The iron oleate precursor was prepared by dissolving iron(III) chloride hexahydrate (FeCl₃.6H₂O) and sodium oleate in a solvent mixture containing deionized (DI) water, ethanol, and hexane (3:4:7 volume ratio). The reaction mixture was heated at reflux for 4 h. After reflux, the organic layer containing the iron oleate precursor was separated from the aqueous layer. Three additional extraction cycles were performed on the organic portion with warm water to remove NaCl by-product and excess reagents. Following the wash steps, the iron oleate precursor was allowed to dry inside of a fume hood until a waxy paste was obtained.

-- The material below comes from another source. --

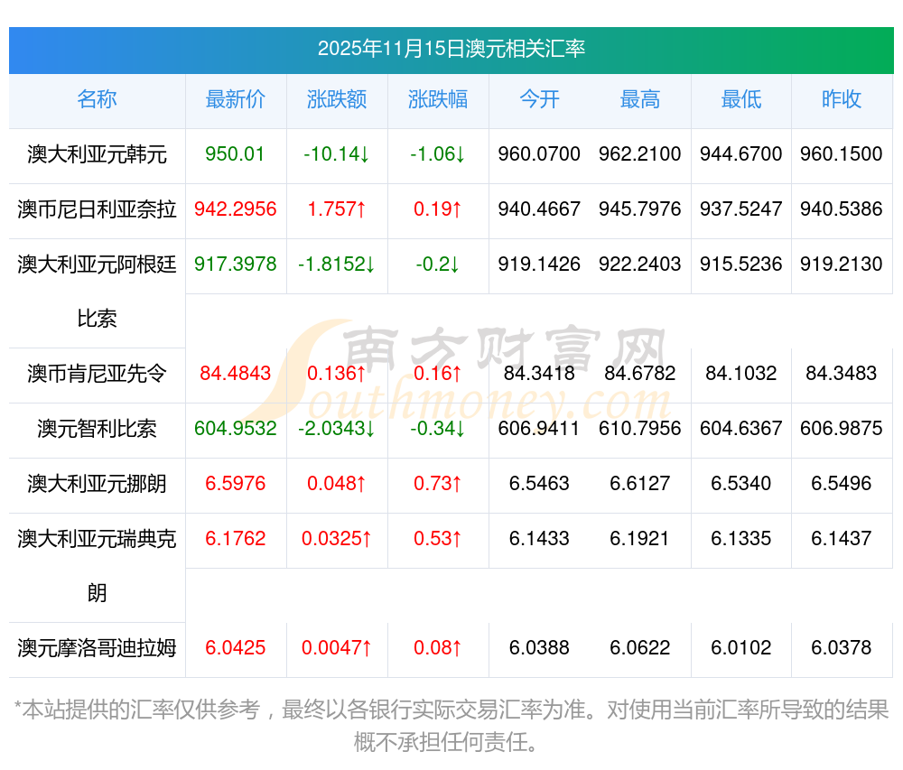 2025年11月15日最新消息,澳元兌換埃鎊最新匯率為30.854700,今開為30.8057,昨收為30.8547,最高為30.9231,最低為30.6965。

2.3. Synthesis of the IONPs

Using the previously synthesized iron oleate precursor, the IONPs were prepared by a modified thermal decomposition method [12]. Specifically, the iron oleate precursor (1.8 g, 2.0 mmol) and oleic acid ligand (1.8 ml, 5.1 mmol) were dissolved in trioctylamine/1-octadecene (12.5 ml) under vigorous stirring in an inert atmosphere (Ar gas). The reaction mixture was then heated to 100 °C at a rate of 3.3 ° C/min and held at that temperature for 1 h, after which the temperature was again increased to reflux temperature and held for an additional hour. The reaction mixture was then cooled to room temperature and the nanoparticles were isolated by centrifugation for 20 min at 7000 rpm using a 1:1 ethanol: toluene solvent wash mixture. The as-synthesized nanoparticles were in wüstite (FeO) phase and thus, the FeO NPs were converted to the magnetite (Fe₃O₄)phase using trimethylamine N-oxide (CH₃)₃NO as oxidizing agent. More specifically, 0.5 mmol of (CH₃)₃NO was added to 5.6 mmol of FeO nanoparticles dispersed in 20 ml of 1-octadecene and the reaction mixture was first heated to 130 °C and held for 1 h, after which the reaction temperature was raised to 280 °C at a rate of 10 °C/min and held at that temperature for 1 h.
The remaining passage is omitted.